Cross-Site Scripting (XSS)
At a Glance
- Attacker injects malicious scripts into web pages viewed by other users
- Three types: Stored (persistent), Reflected (non-persistent), DOM-based
- Primary defense: output encoding and Content Security Policy
- Can steal session cookies, redirect users, or modify page content
- Consistently in OWASP Top 10 since its inception
Why XSS Matters
XSS is consistently one of the most common web vulnerabilities, appearing in the OWASP Top 10. It occurs when an application includes untrusted data in web pages without proper validation or escaping. There are three main types: stored XSS (malicious script saved in a database), reflected XSS (script in a URL parameter reflected in the response), and DOM-based XSS (script manipulation of the client-side DOM).
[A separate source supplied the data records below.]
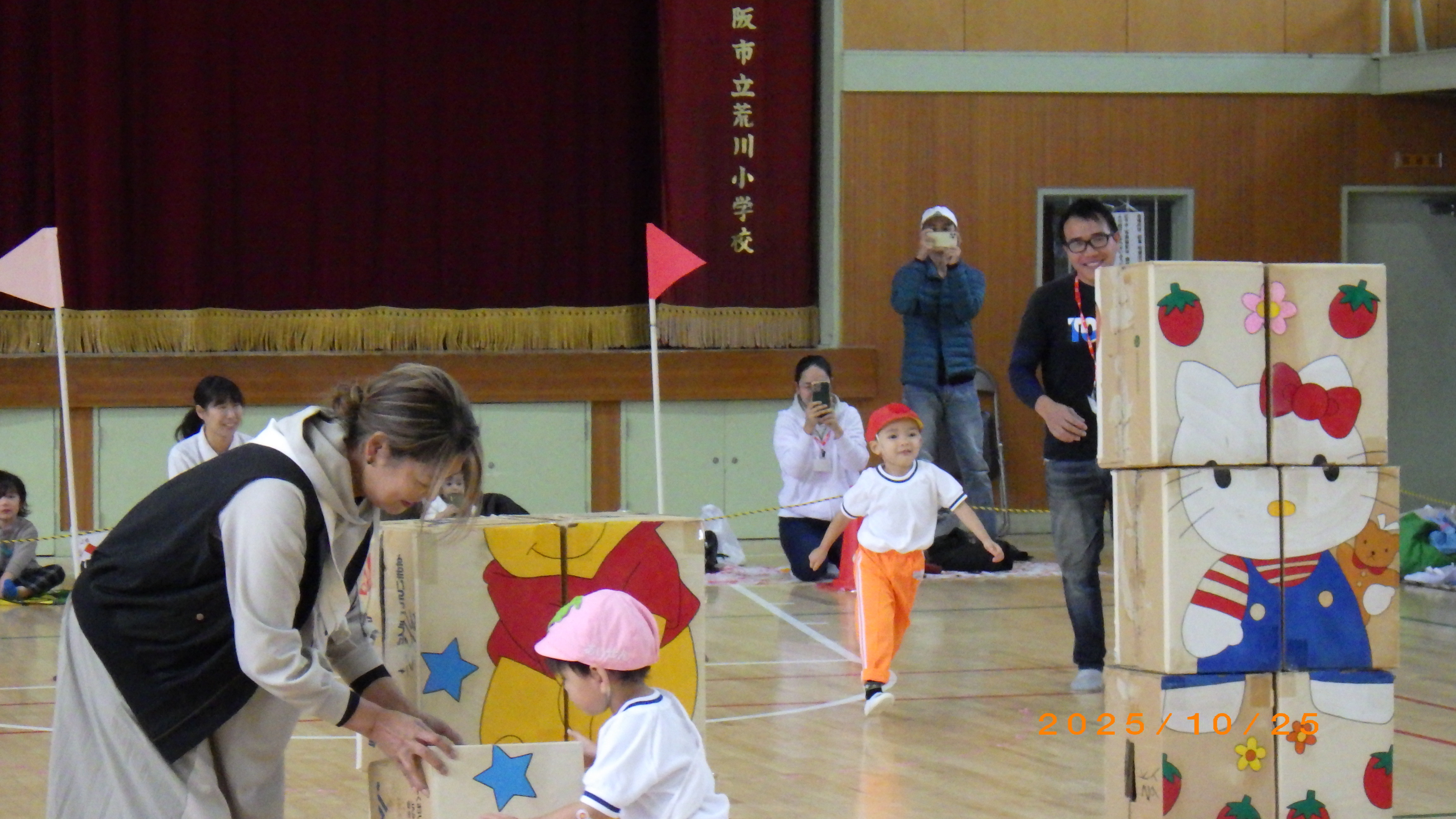 今年も荒川小学校の体育館をお借りして運動会を開催致しました。ご家族の参加人数の制限がありましたが、沢山の方にご参加いただき、欠席児もなく、楽しい運動会となりました。今年は、当園の卒園児の中学生達にもお手伝いして頂きました。ご家族の楽しい思い出作りが出来た事と、職員一同、嬉しく思います。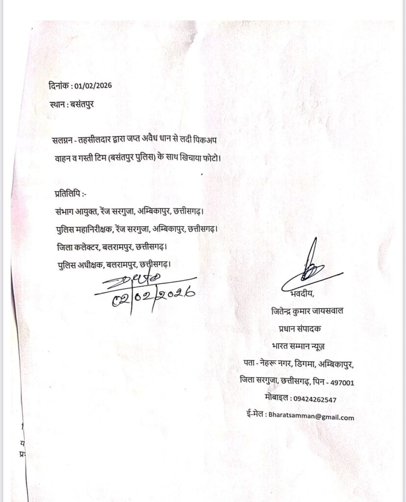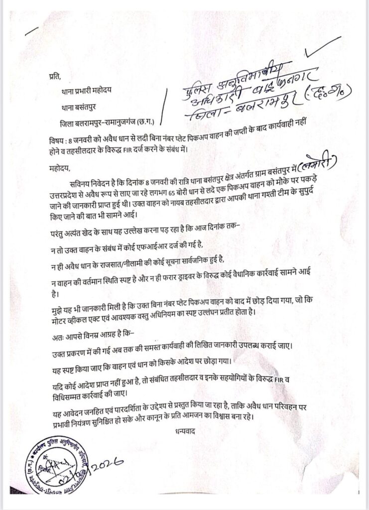 इस शिकायत की प्रतिलिपि संभाग आयुक्त (सरगुजा), आईजी (सरगुजा रेंज), जिला कलेक्टर और पुलिस अधीक्षक (बलरामपुर) को भी भेजी गई है, ताकि इस कथित ‘सिस्टम की सेटिंग’ की उच्च स्तरीय जांच हो सके।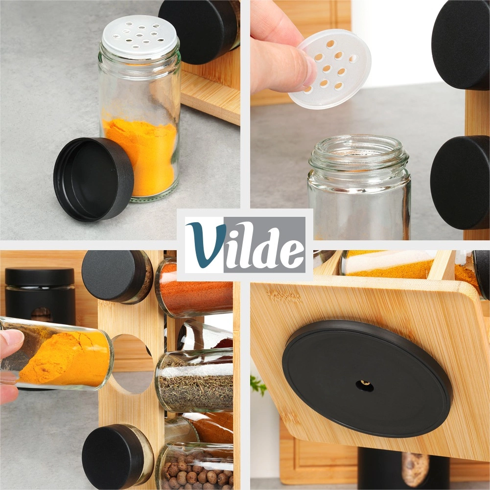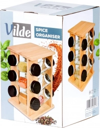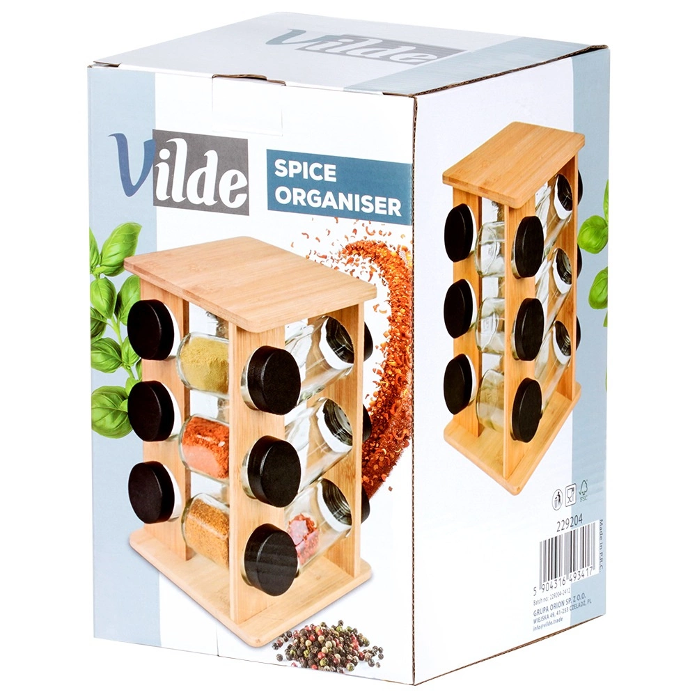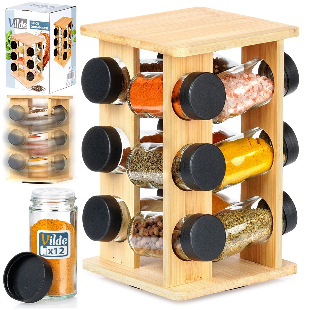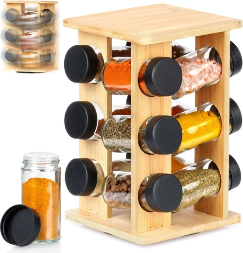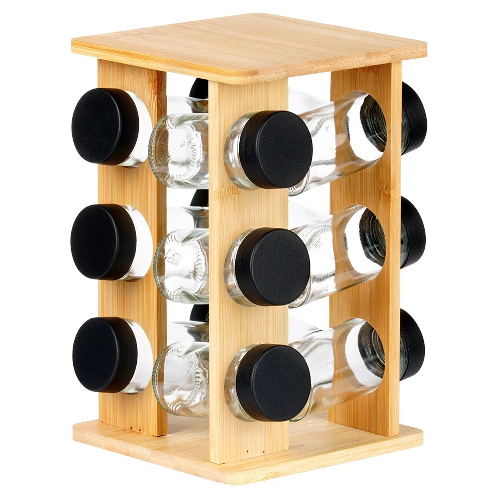 Hold dine krydderier inden for rækkevidde og i perfekt orden. Det drejelige stativ af naturligt bambustræ rummer 12 glas-krydderibeholdere med sorte skruelåg og hvide dosersi til nem dosering. Takket være den drejelige mekanisme finder du hurtigt den ønskede ingrediens, mens den kompakte, vertikale konstruktion sparer plads på både bordplade og i skab.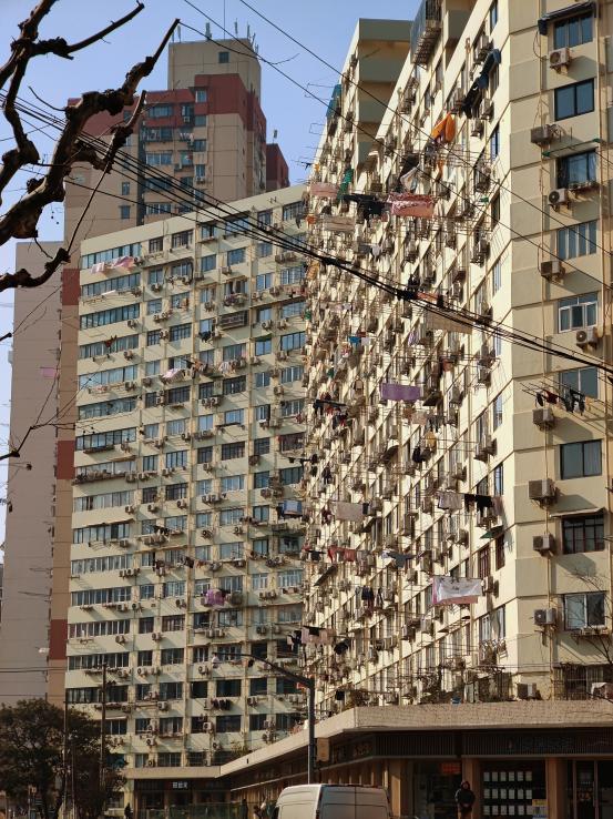 时间来到70、80年代,上海最早一批高层住宅开始建设,这种晾衣杆也被沿用下来,从远处望过去,高楼搭配龙门架,颇具“怪兽大厦”的风范。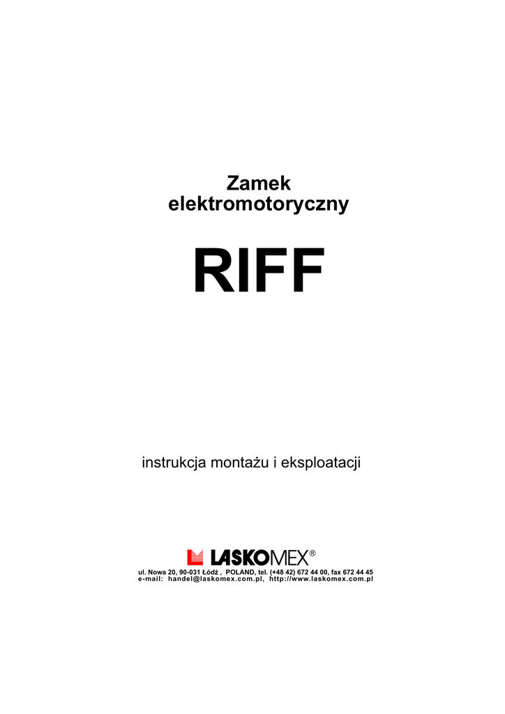 Zamek elektromotoryczny RIFF instrukcja monta¿u i eksploatacji ul. Nowa 20, 90-031 £ód , POLAND, tel. (+48 42) 672 44 00, fax 672 44 45 e-mail: [email protected], http://www.laskomex.com.pl Przeznaczenie Zamki elektromotoryczne Riff przeznaczone s¹ do wszelkiego typu drzwi przystosowanych do monta¿u zamków zgodnych ze standardem DIN 18250. W przeciwieñstwie do zamków tradycyjnych, w których rygiel napêdzany jest bezporednio przez wk³adkê bêbenkow¹, w zamkach elektromotorycznych rygiel poruszany jest przez silnik krokowy. Dziêki takiemu rozwi¹zaniu zamek nie jest podatny na tradycyjne metody stosowane przez w³amywaczy- zamki oparte o rozwi¹zanie tego typu uznawane s¹ za jedne z bezpieczniejszych. Zamek posiada czujnik magnetyczny, który wraz z umieszczonym w odpowiednim miejscu futryny magnesem stanowi uk³ad okrelaj¹cy po³o¿enie drzwi. Czujnik ten zapobiega uruchomieniu zamka w nieodpowiednim momencie, pozwala na wykrycie stanu otwarcia, zamkniêcia czy niedomkniêcia drzwi. Odrêbny czujnik dostarcza informacji o po³o¿eniu rygla (rygiel wsuniêty lub wysuniêty). Dla osób przyzwyczajonych do tradycyjnego sposobu otwierania drzwi przewidziana zosta³a mo¿liwoæ zamontowania wk³adki bêbenkowej, przy pomocy której mo¿na odblokowaæ zamek. Zamek mo¿e byæ stosowany w dowolnych systemach kontroli dostêpu, w szczególnoci z zamkiem szyfrowym Riff. Gwarantowany termin dzia³ania zamka 10 lat. Opis dzia³ania zamka Zamek mo¿e byæ sterowany przez dowolne urz¹dzenie zewnêtrzne- zamek szyfrowy, system kontroli dostêpu, a w najprostszym wypadku zwyk³y przycisk. Schemat po³¹czeñ zamka przedstawiony jest na rysunku nr.1. Po krótkim wciniêciu przycisku P1 (zamiast przycisku mog¹ to byæ styki przekanika urz¹dzenia steruj¹cego) zamek zostanie odblokowany. W przypadku, kiedy w przeci¹gu 20 s drzwi nie zostan¹ otwarte zamek zamknie siê automatycznie. Ponowne wciniêcie przycisku P1 spowoduje zablokowanie zamka i pozostanie zamkniêty przez nieograniczony czas, tak¿e po zaniku zasilania lub przerwaniu kabla. UWAGA! Obecnoæ wk³adki bêbenkowej umo¿liwia awaryjne otwarcie zamka Warunkiem zablokowania zamka jest w³aciwe po³o¿enie drzwi - musz¹ one zostaæ zamkniête. Jeli przycisk P1 zostanie wciniêty na czas ok 1,5 s zamek zostanie odblokowany i pozostanie w tym stanie tak d³ugo, jak utrzymywane bêdzie zwarcie przycisku P1. UWAGA! Zamek analizuje po³o¿enie skrzyd³a drzwi wzglêdem futryny. Umo¿liwia to czujnik magnetyczny znajduj¹cy siê w zamku i magnes sta³y zamontowany w futrynie. Jeli drzwi nie zostan¹ dok³adnie zamkniête to czujnik uniemo¿liwi zablokowanie zamka. Jeli dojdzie do sytuacji w której czujnik wykryje zamkniêcie drzwi, jednak w krótkim czasie po tym zdarzeniu zostan¹ one ponownie otwarte to rygiel zamka zostanie wysuniêty (mimo ¿e drzwi nie zosta³y poprawnie zamkniête). Po up³ywie ok. 2 s rygiel zamka zostanie wsuniêty umo¿liwiaj¹c ponowne zamkniêcie drzwi (sytuacja taka mo¿e mieæ miejsce np. przy trzaniêciu drzwiami). Jeli zamek zosta³ odblokowany przy pomocy klucza, a drzwi nie zosta³y otworzone w ci¹gu 20 s to zamek zostanie automatycznie zablokowany. Zamek mo¿na przy pomocy klucza zablokowaæ w stanie zamkniêtym- w tym celu klucz nale¿y przekrêciæ do oporu zgodnie z ruchem wskazówek zegara. W zamku znajduje rolka s³u¿¹ca do pozycjonowania po³o¿enia drzwi wzglêdem futryny. Rolka ta powoduje ¿e zamkniêcie i otwarcie drzwi wymaga u¿ycia pewnej si³y, co eliminuje do minimum przypadkowe otwarcie lub zamkniêcie drzwi przy odblokowanym zamku. Docisk rolki do p³askownika zamontowanego w futrynie jest regulowany- s³u¿y do tego celu ruba znajduj¹ca siê w dolnej czêci korpusu zamka (patrz rys. 4). Jeli drzwi zamykane s¹ przez samozamykacz to wskazane jest aby rolka by³a ca³kowicie schowana wewn¹trz zamka. Instalowanie zamka i jego pod³¹czenie do linii sterowania zewnêtrznego - Przygotowaæ otwór w drzwiach zamka zgodnie z rys. 3, - Wykonaæ otwór na wylot zgodnie z rys. 3 do wk³adki bêbenkowej, - Wykonaæ otwory, przez które wyprowadzone zostan¹ przewody, - Dokonaæ regulacji wysuniêcia rolki w-g wzoru: szerokoæ szczeliny miêdzy drzwiami a futryn¹ + 3 mm, - Wykonaæ po³¹czenia elektryczne zgodnie z rys. 1, - przewód czerwony 10,8 ... 16 V DC - przewód czarny masa - przewód zielony sterowanie otwieraniem (OPEN) - przewód bia³y sygna³ DOOR Sygna³ DOOR steruje podawaniem masy w przypadkach: odblokowania zamka silnikiem, odblokowania zamka kluczem, przy niepe³nym wysuniêciu rygla i przy fizycznym uszkodzeniu drzwi - Wstawiæ zamek w otwór w drzwiach i wyprowadziæ przewody, - Zamocowaæ zamek za pomoc¹ dwóch wkrêtów, - O ile to konieczne wstawiæ wk³adkê bêbenkowa i zablokowaæ j¹ wkrêtem M5x55 - Upewniæ siê, ¿e zamek otwiera siê za pomoc¹ klucza, a rygiel chowa siê bez problemu. - Wyznaczyæ miejsce monta¿u p³askownika w futrynie drzwi, - Wykonaæ wpust o g³êbokoci 3mm dla mocowania p³askownika, - Wykonaæ otwory o rednicy 12mm pod magnes oraz wpust o g³êbokoci 20mm do rygla, - Zamocowaæ p³askownik za pomoc¹ trzech wkrêtów, - Zamkn¹æ drzwi i sprawdziæ dzia³anie zamka. Kompletacja zestawu 1. Zamek elektromechaniczny z³o¿ony 1szt 2. P³askownik H=20mm* w zestawie z magnesem 1szt 3. Wkrêt M5x55 do mocowania wk³adki bêbenkowej 1szt 4. ruba mocowania zamka i p³askownika 5 szt 5. Instrukcja instalatora i u¿ytkownika 1 szt 6. Opakowanie 1szt * Na zamówienie zamek mo¿e byæ wyposa¿ony w p³askownik H=24mm. - PIN + 16,5 20 FUNKCJA 1 GND 2 +6...15 V 3 OPEN 4 DOOR krêtem M5x55 wa siê bez PK-1 500 mA max. P1 R1 1K 8 3 165 rzy niepe³nym 67,5 50 13 miêdzy drzwiami 35 nêtrznego 1000 Kg 20 mm 0,2 s 50 mm 300000* cykli 10,8 16 V 0,8* A < 18* uA < 0,5 A -26...+60 oC < 0,8 kg 240x95x30 30 y rolka by³a Dane techniczne 1. Dopuszczalny nacisk na rygiel 2. Maksymalne wysuniêcie rygla 3. Czas wysuniêcia i wsuniêcia rygla 4. Odleg³oæ o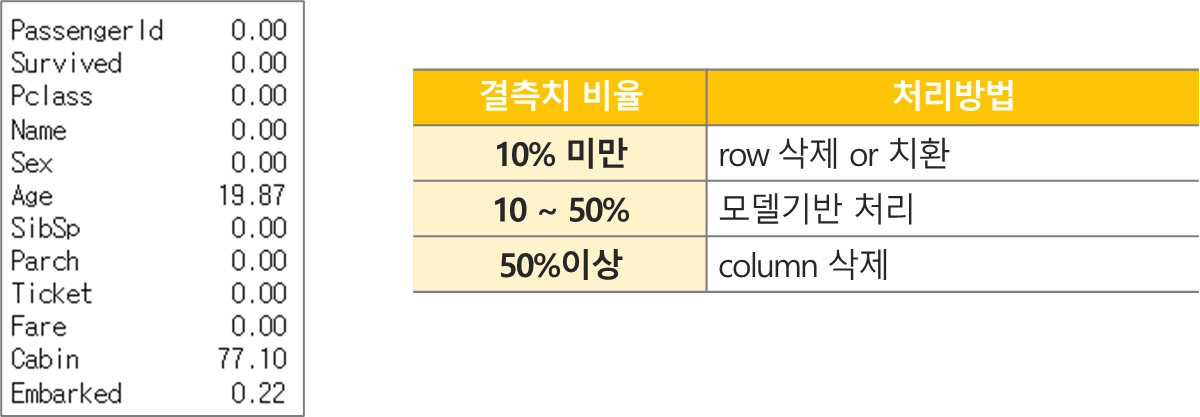 결측치 비율에 따라 처리 방법을 달리함

The impact of XSS ranges from nuisance (page defacement) to critical (session hijacking, credential theft). An attacker exploiting XSS on a banking site could transfer funds. On a social media site, they could spread malware to all of a user's contacts.
Defenses include Content Security Policy (CSP) with nonce-based script controls, output encoding (HTML-escaping user input before rendering), input validation, and using modern frameworks (React, Vue, Angular) that auto-escape output by default. CSP is the strongest server-side defense because it prevents injected scripts from executing even if escaping is missed.
Real-World Example
In 2018, a stored XSS vulnerability in British Airways' website allowed attackers to inject a malicious script that captured payment card details as customers entered them. The Magecart group exploited the flaw for over two weeks, compromising approximately 380,000 payment cards. BA was fined 20 million GBP by the ICO under GDPR.
How to Check
A security audit checks for CSP headers that help prevent XSS. Proper CSP with nonce-based policies blocks most XSS attacks at the browser level. For application-level XSS testing, use specialized security scanning tools.